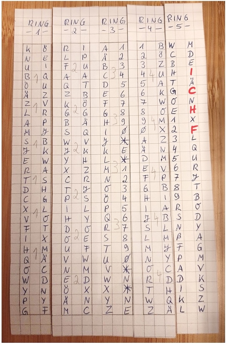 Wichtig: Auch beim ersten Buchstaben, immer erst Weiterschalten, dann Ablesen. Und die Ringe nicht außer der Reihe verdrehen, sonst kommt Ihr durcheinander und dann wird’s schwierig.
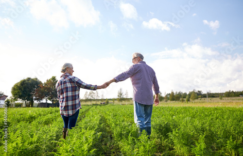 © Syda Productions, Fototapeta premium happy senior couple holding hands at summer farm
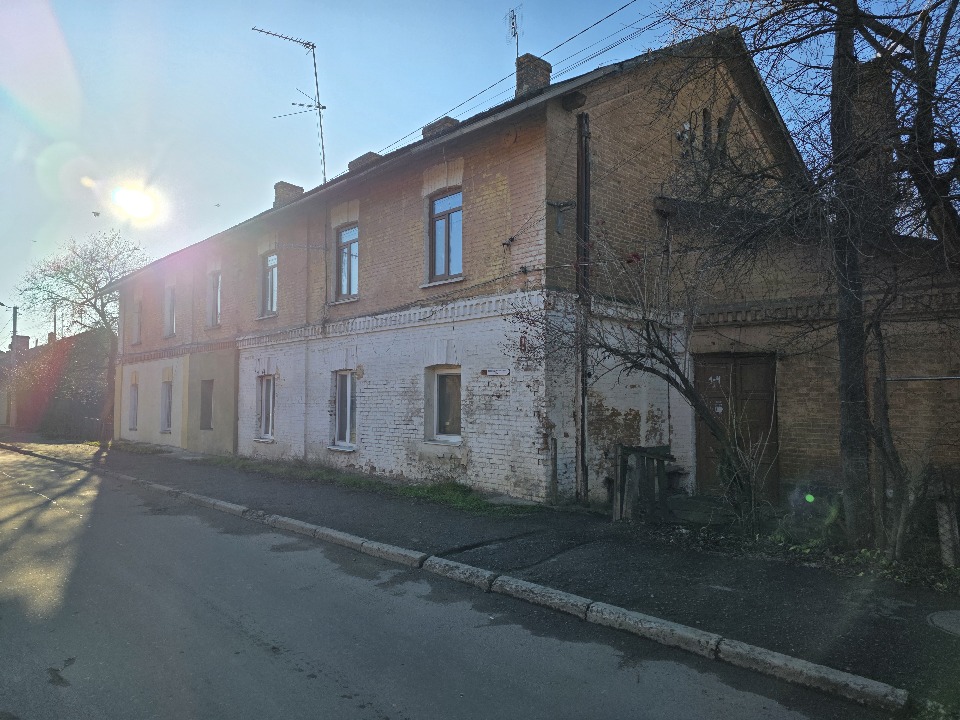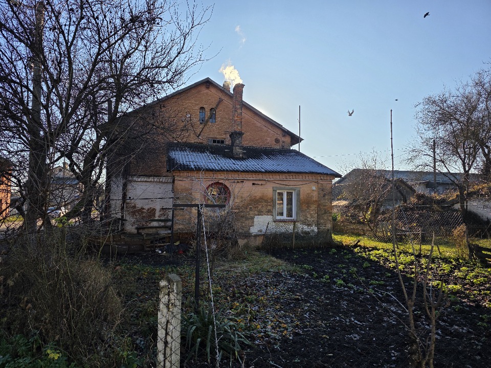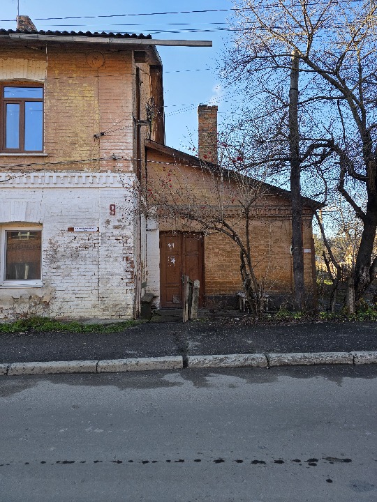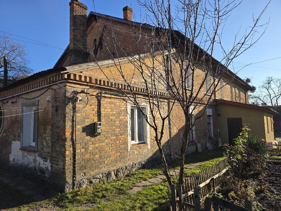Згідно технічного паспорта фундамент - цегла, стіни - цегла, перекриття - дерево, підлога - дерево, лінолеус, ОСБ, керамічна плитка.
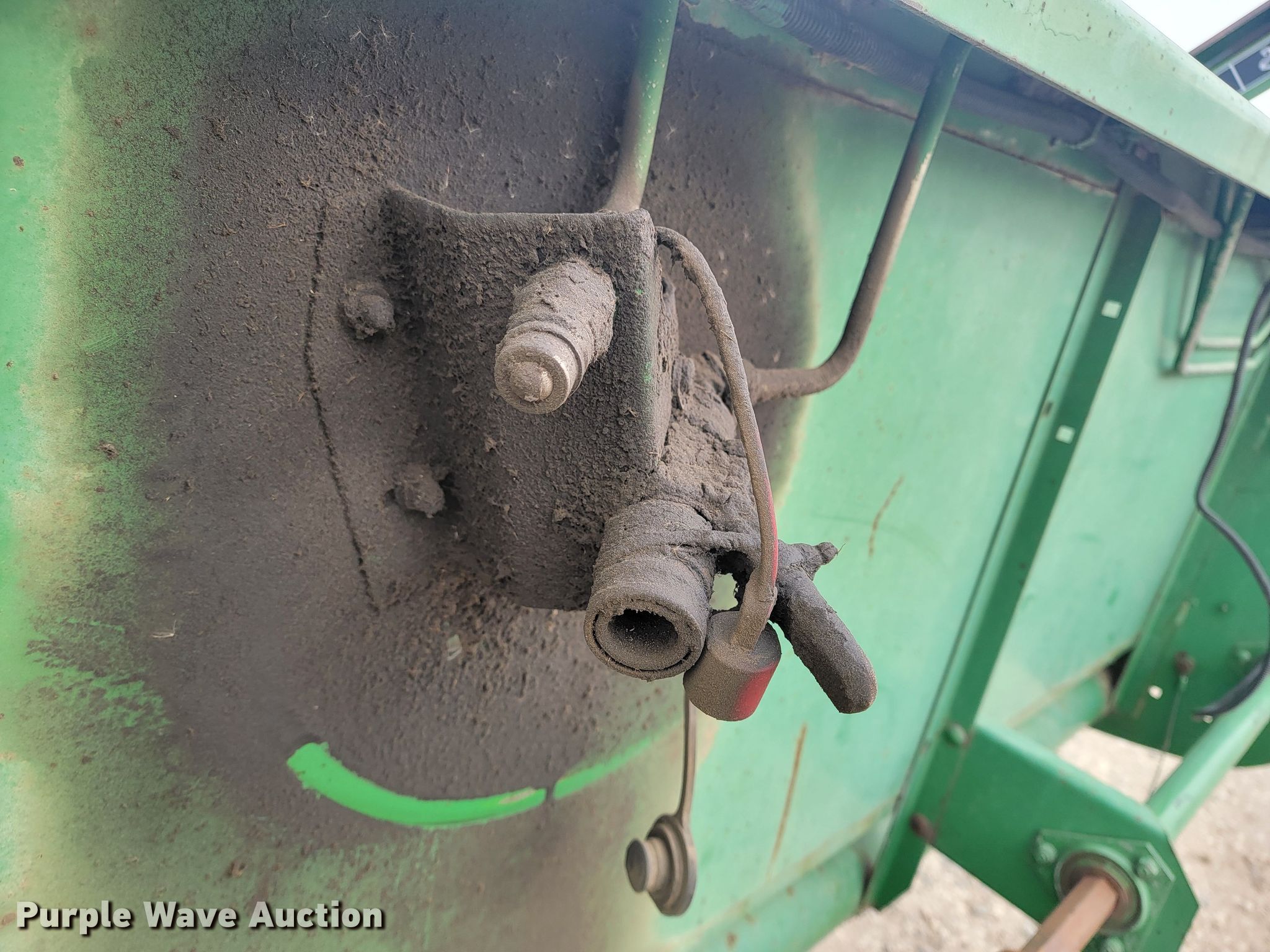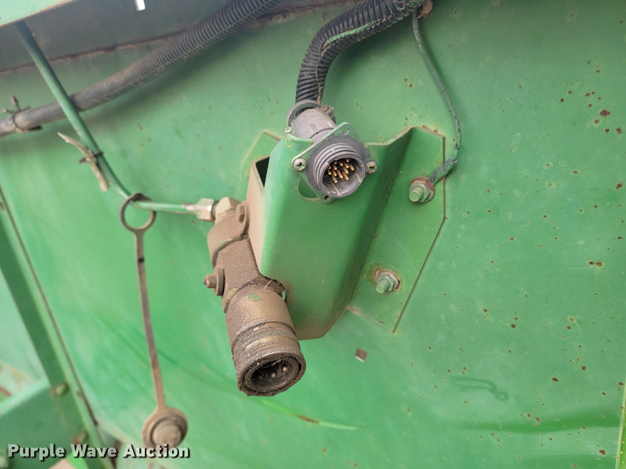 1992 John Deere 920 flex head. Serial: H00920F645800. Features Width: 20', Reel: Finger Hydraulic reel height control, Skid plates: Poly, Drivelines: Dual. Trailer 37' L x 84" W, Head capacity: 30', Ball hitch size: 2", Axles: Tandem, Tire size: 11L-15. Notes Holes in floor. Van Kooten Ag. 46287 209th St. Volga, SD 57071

-- -- --

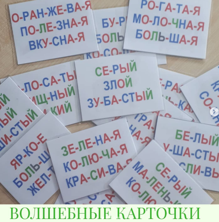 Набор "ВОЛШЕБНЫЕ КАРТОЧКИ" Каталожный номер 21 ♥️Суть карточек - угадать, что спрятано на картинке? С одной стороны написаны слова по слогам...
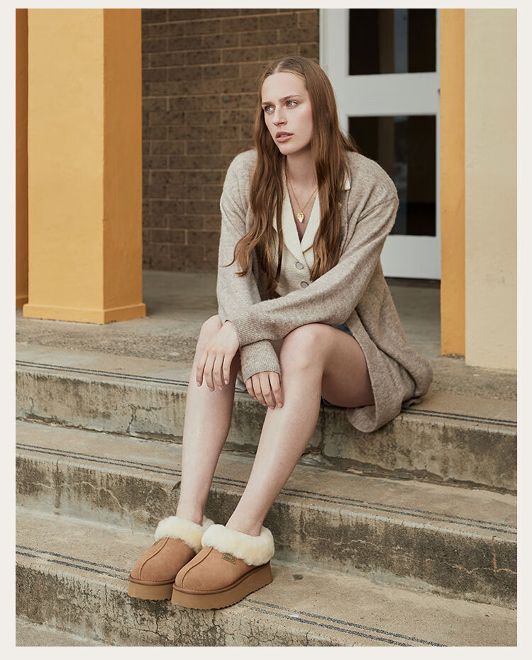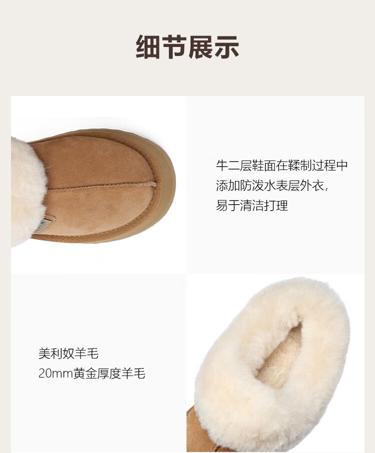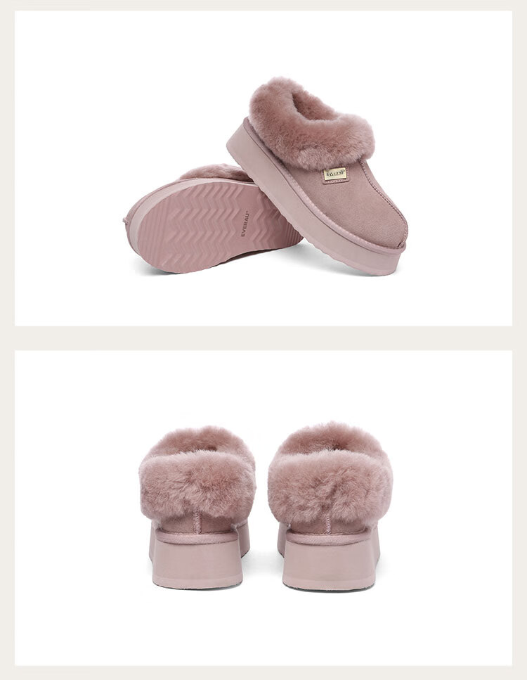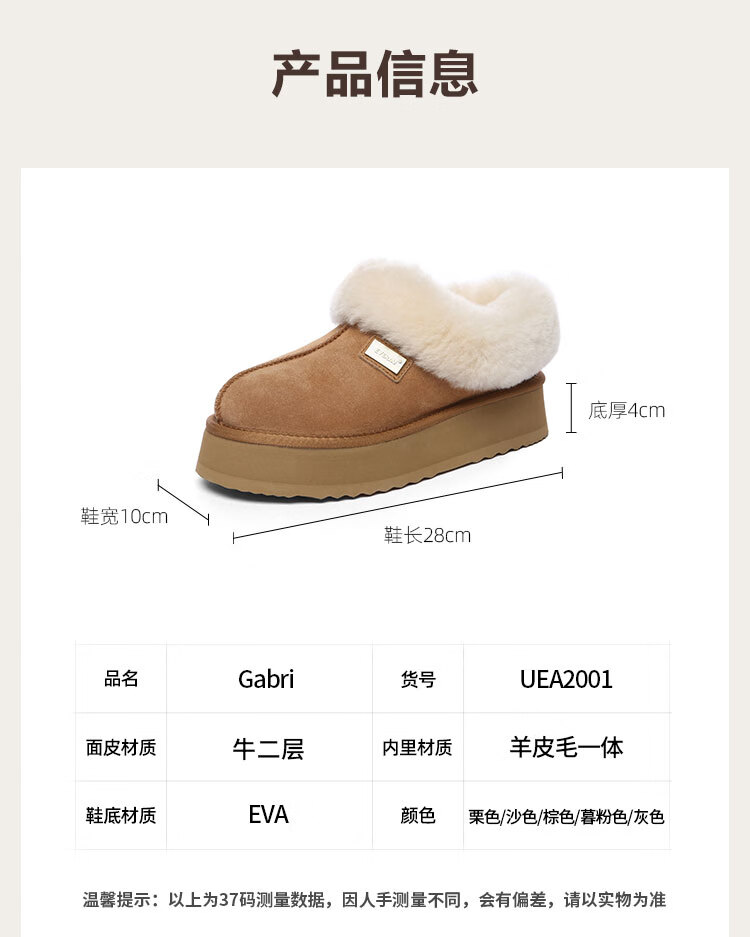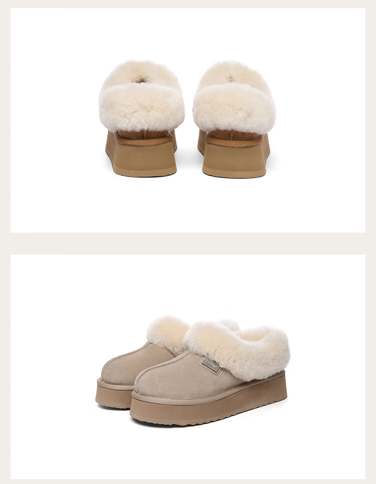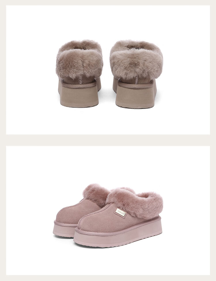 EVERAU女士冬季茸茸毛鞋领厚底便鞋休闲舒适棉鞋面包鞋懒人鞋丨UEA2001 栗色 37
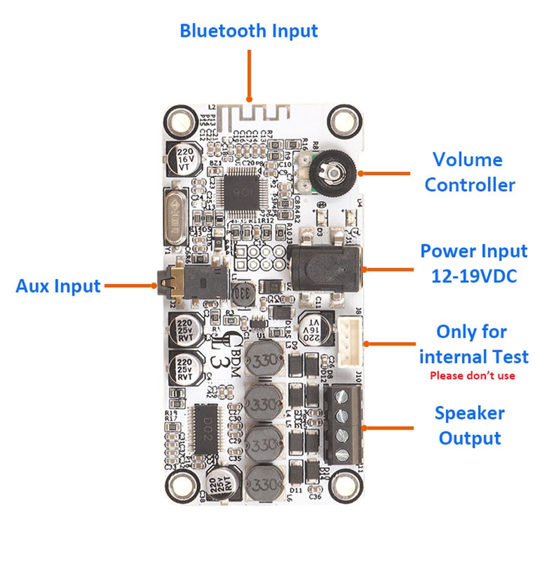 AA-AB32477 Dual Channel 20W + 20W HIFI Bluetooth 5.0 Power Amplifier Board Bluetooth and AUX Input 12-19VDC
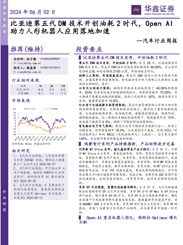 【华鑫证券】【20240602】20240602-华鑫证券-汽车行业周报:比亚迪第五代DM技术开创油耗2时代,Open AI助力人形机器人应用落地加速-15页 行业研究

-- -- --

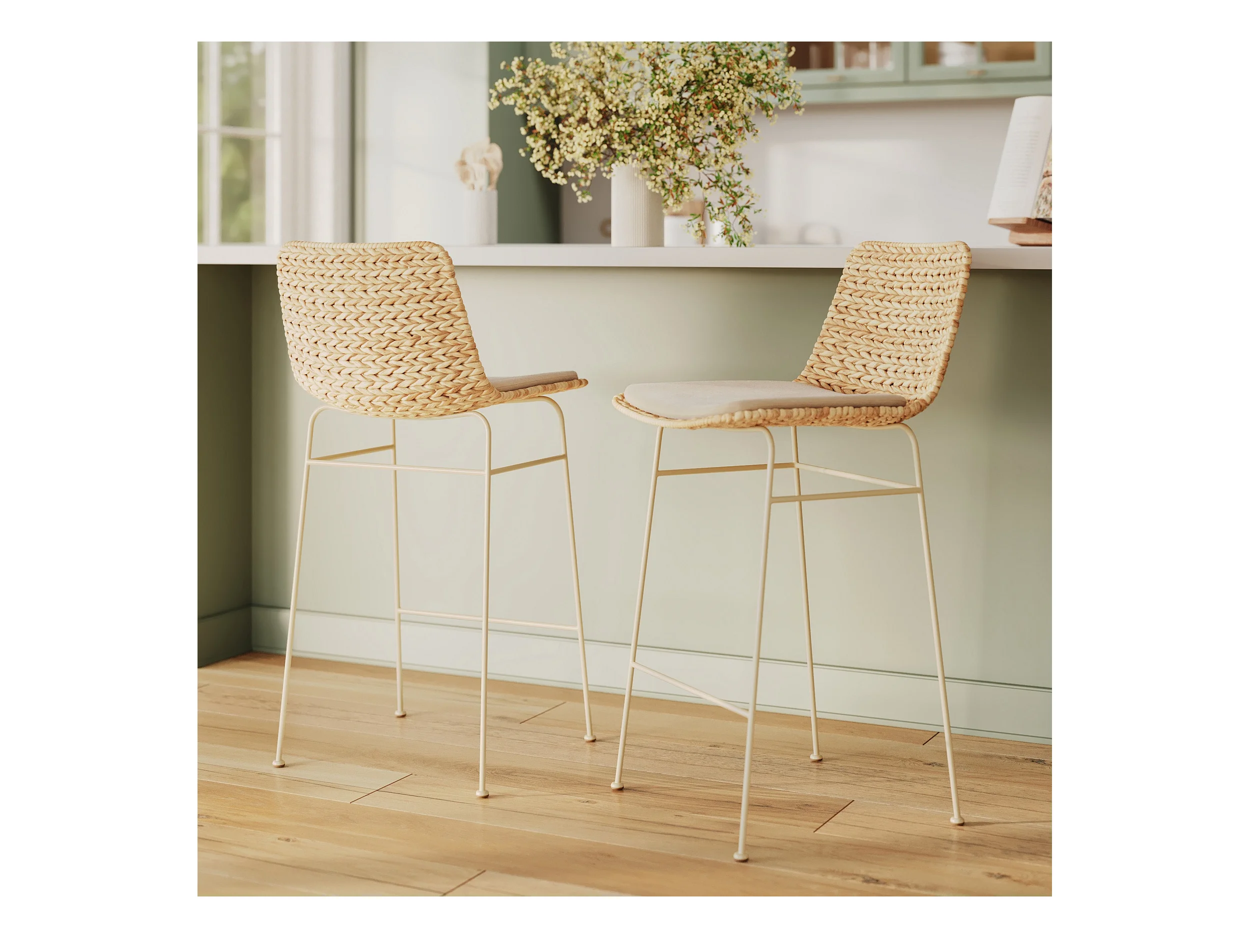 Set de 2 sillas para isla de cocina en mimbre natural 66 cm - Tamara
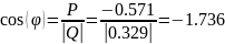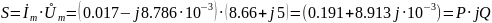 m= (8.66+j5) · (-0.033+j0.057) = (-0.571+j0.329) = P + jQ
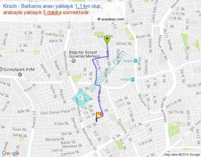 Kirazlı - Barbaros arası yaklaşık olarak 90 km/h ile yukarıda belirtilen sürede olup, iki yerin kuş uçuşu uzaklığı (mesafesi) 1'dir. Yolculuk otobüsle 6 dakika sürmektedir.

-- -- --

▶ _TRY IT_
The answer is the lines of the material above, from the one containing "m= (8.66+j5) ·" down to the one containing "Kirazlı - Barbaros", given exactly and without images.

▶ _TASK OUTPUT_
 m= (8.66+j5) · (-0.033+j0.057) = (-0.571+j0.329) = P + jQ
 Kirazlı - Barbaros arası yaklaşık olarak 90 km/h ile yukarıda belirtilen sürede olup, iki yerin kuş uçuşu uzaklığı (mesafesi) 1'dir. Yolculuk otobüsle 6 dakika sürmektedir.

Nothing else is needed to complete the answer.